So, I know everyone is going to say well it sounds like he's just not ready. But really? Not ready when he is over 3 years old??? My mother is shocked because of course all her kids were 100% trained before their second birthday and I can't even get one single pee!!! And I hear about it too much.
Honestly it shouldn't be that big of a deal. I know that. So, I keep throwing away perfectly good and needed money on diapers because he is stubborn. But it makes me angry. I've had enough of changing diapers.
DS1 is VERY sick and I just don't need this added stress in my life. I just want one thing to be easy for me right now. My emotions are out of control as it is and all I want is a 3 year old who is potty trained. Is that too much to ask for?

Any suggestions are most welcome. I'm verging on a nervous breakdown with dealing with DS1 and his health. Should I just accept that he isn't ready to potty train and put the potty away for awhile? Should I keep it out and talk about it but not have him "try" to use it? Should I persist with the training pants?? I got tired of cleaning up pee off my couch and floors. I'm not doing the naked or underpants thing again until he has one successful potty attempt because it's just getting nasty. PLEASE HELP!!!!
post #2 of 18
Yes, please take a break. He may be ready, he may not, but it seems you need to think of what's best for your whole family.

Your DS1 is sick, and DS2 is either not ready or using the toilet as his power struggle with you. Please keep what little attention you can give DS2 positive.

Just keep him in diapers and not worry about any of it. If anyone gives you a hard time tell them to just STFU!
post #3 of 18


For your entire families sake, I really encourage you to take a break from potty training. Make it quite a long break--- do you think you could do six months? And just don't do ANYTHING about potty training in that time. Nothing. No references. Just let it go. I know it will be hard, but if you can I think it will be a lot better.

How verbal is DS? With DD she was really interested in potty learning for like a weekend and then was just done. She agreed she would be potty trained appx 6 months later (for my birthday, lol) and we didn't do anything about potty training for those next six months. Then the day before my birthday she started going in the toilet and that was basically it

If you are concerned financially, could you consider cloth?
post #4 of 18
I'm sorry about your DS1.

So, you can let it go. That is an option and not a shameful one, no matter what anyone says.

Otherwise, my suggestions (considering your level of desperation):

If your mom wants to train him, let her (provided she won't spank). "Mom, I know he's ready, but he chose this battle. If you can win, go for it. I'm losing right now and I don't want to fight over his anal sphincter right now.
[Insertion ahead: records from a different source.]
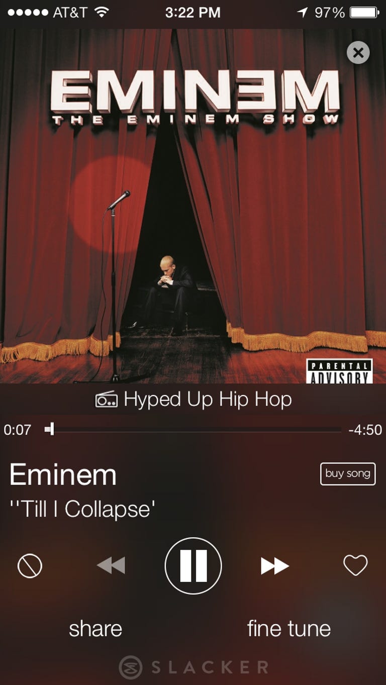 New to Slacker's arsenal and available to all users is a nifty feature called My Vibe, which helps you find the perfect playlist to match your mood or activity. Similar to Songza, My Vibe starts by offering you a few suggestions based on the current day and time. From there, it gives you a menu of options that may or may not match your activity or mood. For instance, as I write this, I'm listening to a playlist that was suggested for someone who is working in the office on a Friday afternoon. So far, My Vibe seems to have fewer playlist suggestions than Songza. But still, the feature is nice addition to Slacker's fast-growing tool belt.
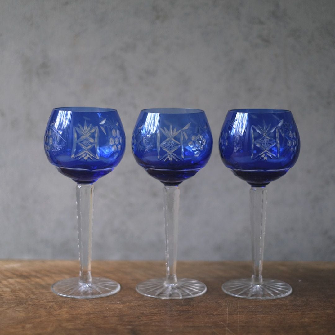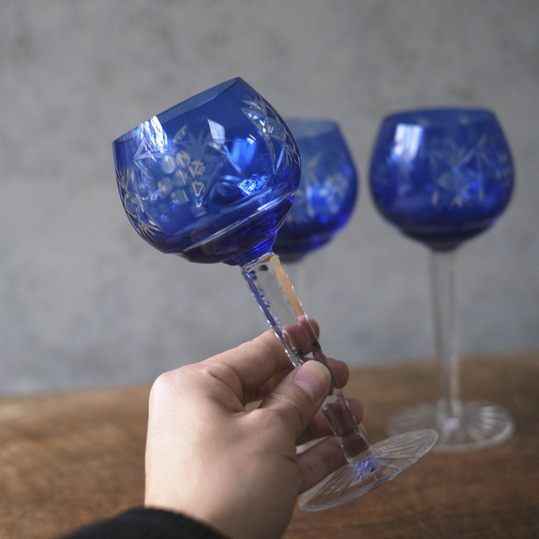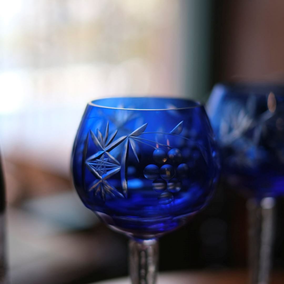 特徴は、色ガラスの発色の良さと、葡萄文様と幾何学カットの組み合わせ。写真の通りステムはクリアで、ボウルの青がより引き立つバランスでまさにボヘミア特有のクリスタル技術が生んだ美しさと言えます。
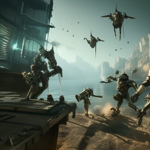 This image shows a highly detailed mechanical subject rendered with dynamic lighting and a cinematic feel. The composition evokes the style of modern 3D video game graphics.

I want to focus on DS1."

I'm far from an expert in late toilet training, but here's one more thing to try: pre-school that will take him with diapers. Explain the situation, explain that you're willing to do (almost) anything, let them know that he needs to see other kids doing it, and ask them to help.

Do it often enough that he'll get the picture- a few four-hour days so he can see other kids going potty. So his teachers have time to gently offer the toilet at the same time as they offer others.

That may help. I think that the set-up of mom-kids-only in our society, where kids have one authority figure, or one set (mom and dad), does not help at all with the ages when they are testing authority. They don't realize it's a social thing. They think it's personal.
post #5 of 18
Hi Mama,
I agree with pps, take a huge break from pottying. A huge break! It doesn't matter that you (or your MIL) think he's old enough, he's probably stressed out by his older brother's illness, too, and this might be one of his ways of showing it.
When it's time to move forward with pottying (in a calm and peaceful way), is there anyone he can watch go potty? His father, older brother, good 3 year old friend?
After that, can you just try to catch one pee a day for awhile? For a few months, I only tried to get DD1 to sit on the potty right after she woke up in the am, bc I knew she'd pee within a minute or two, be successful and confident, and I could truthfully tell busybodies that we were potty learning. After a while I added the one right after napping, and then I added the one right before bed. I just tried to start with the times I knew DD1 would go potty rather quickly, so she could be successful, be praised, and it would be low stress on my end.
Good luck!
~maddymama
post #6 of 18
Take a break. Our DS trained at around 3 years 4 months. I had asked him a couple of times if he wanted to work on it and he always said no. I bought him some underwear with somebody cool on it and he said no. Friends, our parents, PS teachers, etc., were all saying, when is he going to do this? He responded by claiming that everyone actually wore diapers: all his friends, his grandparents, every superhero - they all wore diapers, according to DS.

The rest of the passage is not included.